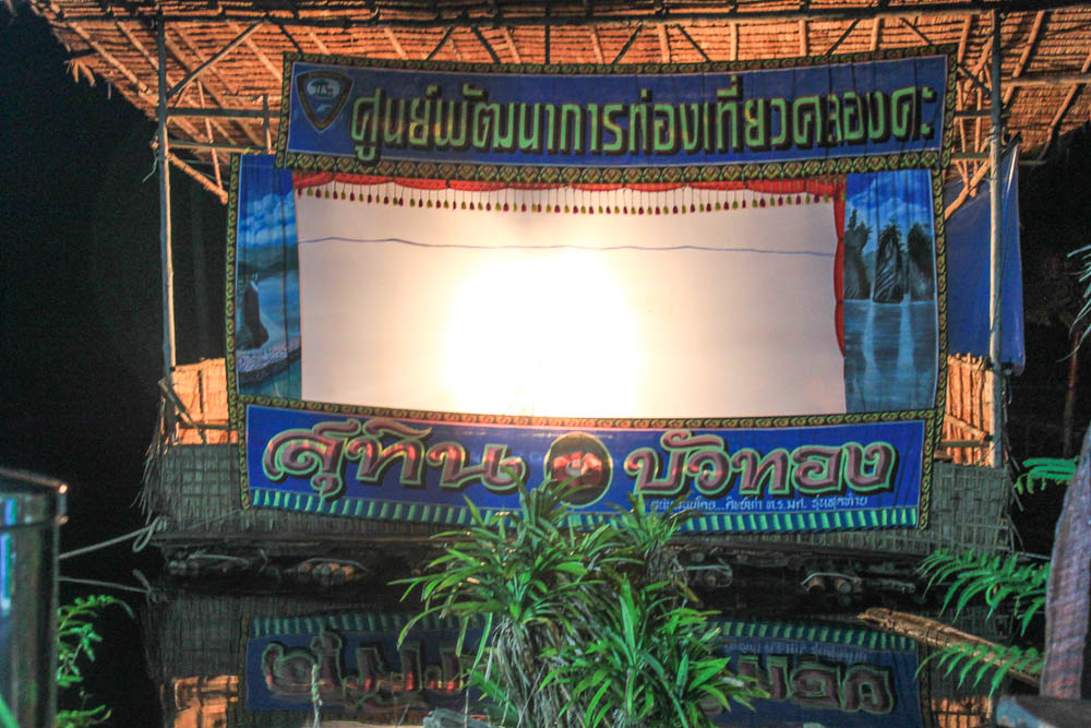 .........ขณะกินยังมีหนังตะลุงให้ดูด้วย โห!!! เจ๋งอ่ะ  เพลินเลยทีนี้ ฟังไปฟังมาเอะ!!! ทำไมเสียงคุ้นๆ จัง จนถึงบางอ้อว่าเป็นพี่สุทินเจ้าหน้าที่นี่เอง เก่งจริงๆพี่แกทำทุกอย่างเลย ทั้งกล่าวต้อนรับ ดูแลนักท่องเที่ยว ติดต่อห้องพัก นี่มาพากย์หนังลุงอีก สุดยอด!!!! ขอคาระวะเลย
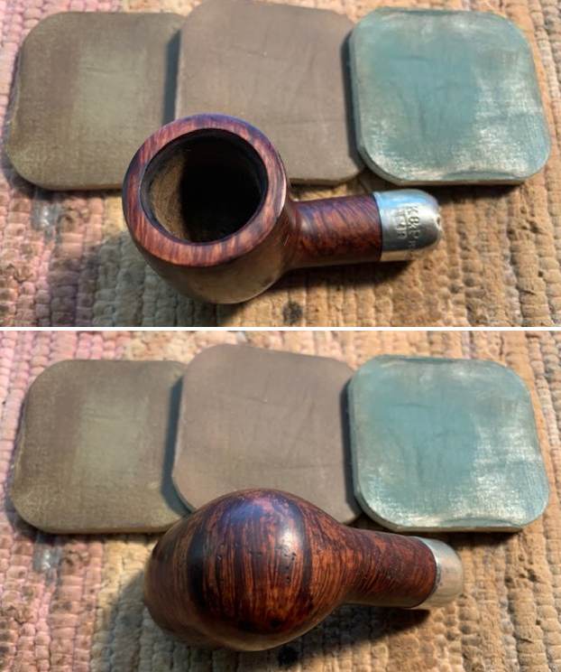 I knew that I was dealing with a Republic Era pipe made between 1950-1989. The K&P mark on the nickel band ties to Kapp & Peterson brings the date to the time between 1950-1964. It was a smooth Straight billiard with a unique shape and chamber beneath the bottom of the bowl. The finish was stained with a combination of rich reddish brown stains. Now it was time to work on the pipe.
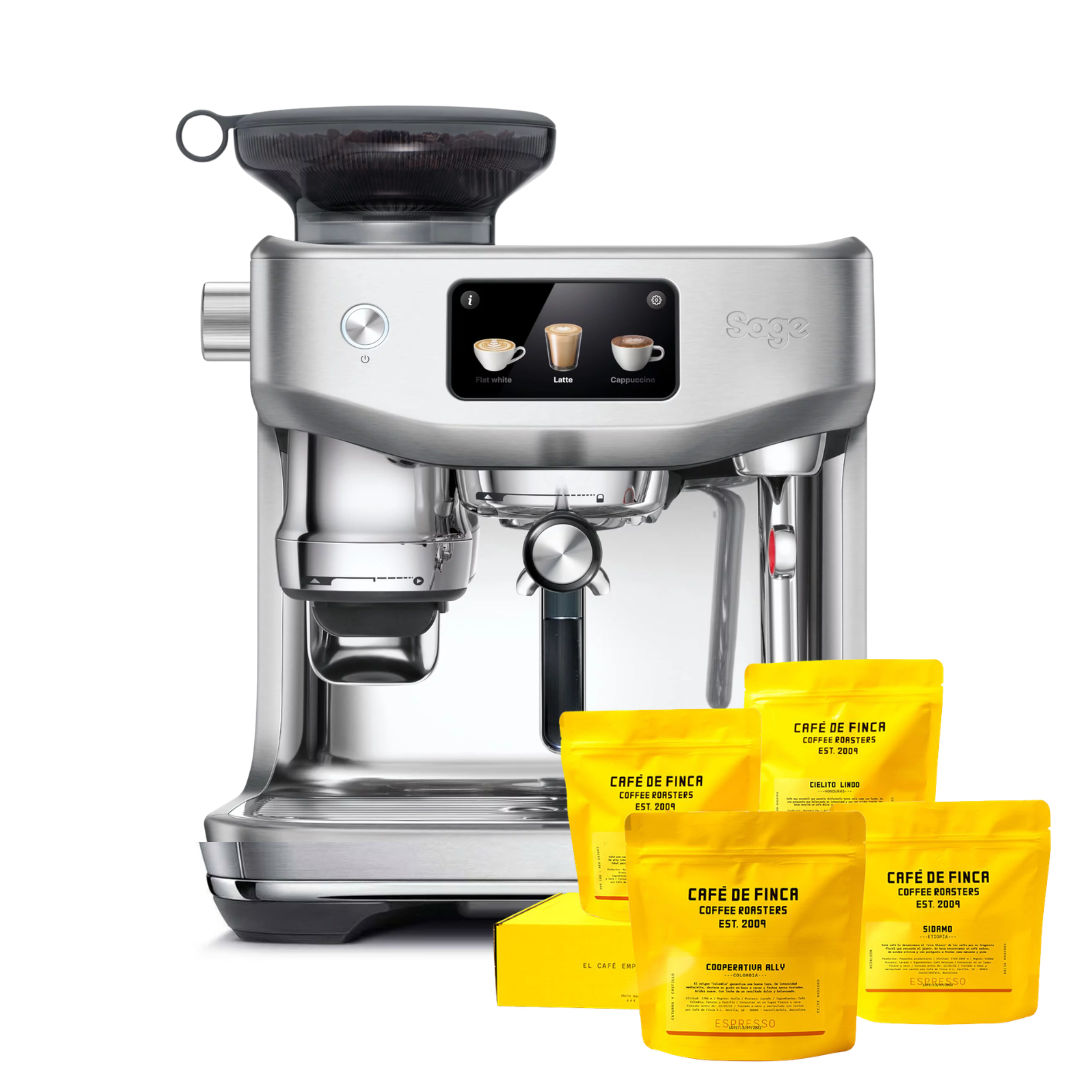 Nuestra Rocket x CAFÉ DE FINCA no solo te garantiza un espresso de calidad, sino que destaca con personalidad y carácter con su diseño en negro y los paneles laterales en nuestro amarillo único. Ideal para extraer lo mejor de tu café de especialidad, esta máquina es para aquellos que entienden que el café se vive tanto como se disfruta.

■ ■ ■ ■ ■ ■ ■

**PROBLEM:**
Skipping the pictures, transcribe each line above exactly as it appears.

**OUTPUT:**
 .........ขณะกินยังมีหนังตะลุงให้ดูด้วย โห!!! เจ๋งอ่ะ  เพลินเลยทีนี้ ฟังไปฟังมาเอะ!!! ทำไมเสียงคุ้นๆ จัง จนถึงบางอ้อว่าเป็นพี่สุทินเจ้าหน้าที่นี่เอง เก่งจริงๆพี่แกทำทุกอย่างเลย ทั้งกล่าวต้อนรับ ดูแลนักท่องเที่ยว ติดต่อห้องพัก นี่มาพากย์หนังลุงอีก สุดยอด!!!! ขอคาระวะเลย
 I knew that I was dealing with a Republic Era pipe made between 1950-1989. The K&P mark on the nickel band ties to Kapp & Peterson brings the date to the time between 1950-1964. It was a smooth Straight billiard with a unique shape and chamber beneath the bottom of the bowl. The finish was stained with a combination of rich reddish brown stains. Now it was time to work on the pipe.
 Nuestra Rocket x CAFÉ DE FINCA no solo te garantiza un espresso de calidad, sino que destaca con personalidad y carácter con su diseño en negro y los paneles laterales en nuestro amarillo único. Ideal para extraer lo mejor de tu café de especialidad, esta máquina es para aquellos que entienden que el café se vive tanto como se disfruta.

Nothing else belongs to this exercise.